The Constitution requires the Chiefie to preside over the rest of the GOP Clown Show and “validate” the pre-announced violation of their oaths as openly biased jurors like Graham, McConnell, Paul, Cruz, and the other GOP Trump toadies have already flaunted in J.R.’s face.
Respect has to be earned. Unless and until the Chiefie starts enforcing the law, upholding Due Process in the face of Trump’s scofflaw behavior, and saving a few lives of the most vulnerable among us, J.R. will see a continued deterioration of his reputation and a harsh historical judgment of his complicity in the face of anti-American tyranny.

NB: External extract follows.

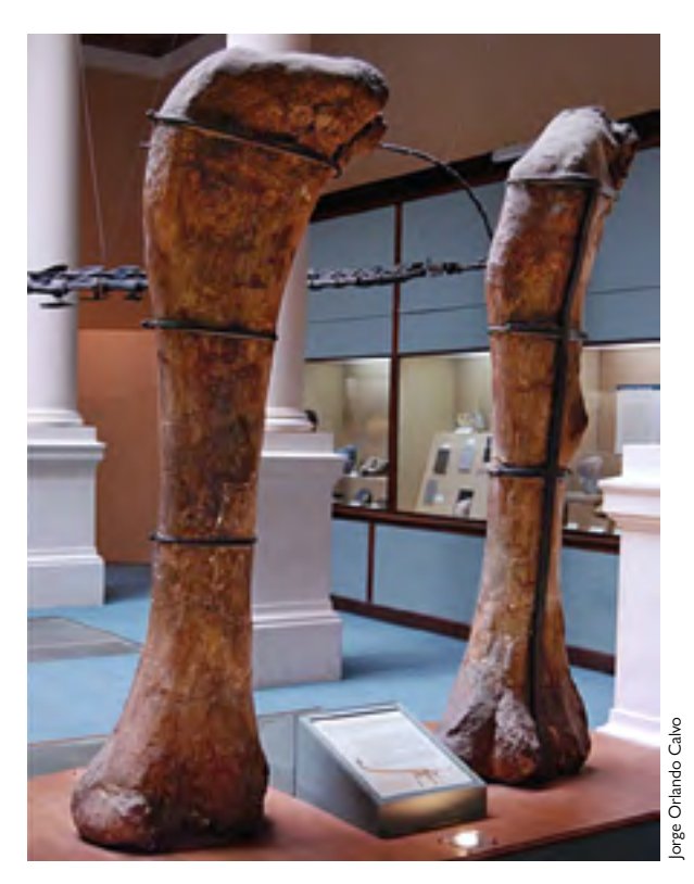
Figure 2. Holotype of Antarctosaurus giganteus in the La Plata Museum (Argentina). This species would have been one of the largest sauropods, with a body weight of about 69 tons.

In 1989 a paleontological team including Dr. Jose Bonaparte and Dr. Jorge Calvo of the National University of Comahue and Dr. Leonardo Salgado from the Cipolletti Museum excavated one of the largest titanosaurid sauropods (Figure 3) from the Huincul formation – probably, the most famous around the world, Argentinosaurus huinculensis (Bonaparte & Coria, 1993). It was discovered by a local farmer 5 km east of Plaza Huincul city, Neuquén Province (Table 3). The longest bone is the fibula (155 cm) described originally as a tibia. The widest neural arch on anterior dorsal vertebra is 126 cm wide (Figure 4). At the time the taxon was discovered, it was the largest dinosaur in the world and it was ruled
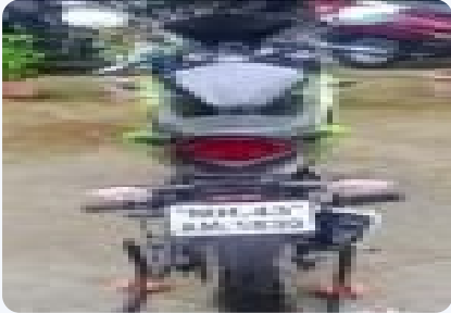
Honda CBR 150R 150cc 2012

As MLK, Jr., once said: “Injustice anywhere is a threat to justice everywhere.” I’m sure that J.R., student of history that he is, has read that quote; but, tragically, it seems to have gone in one ear and out the other! You don’t have to look very far or be #1 in your class at Harvard Law to see the Constitutional mockery and grotesque injustices, not to mention rudeness and inhumanity, taking place in our Immigration Courts, at our borders, and in our overall immigration system every day!
Time to wake up, get involved, and end the Clown Show, Chiefie! That’s what life-tenure is supposed to be about! That’s what courageous and exemplary historical legacies are built upon!
Due Process Forever; Feckless & Complicit Courts, Never!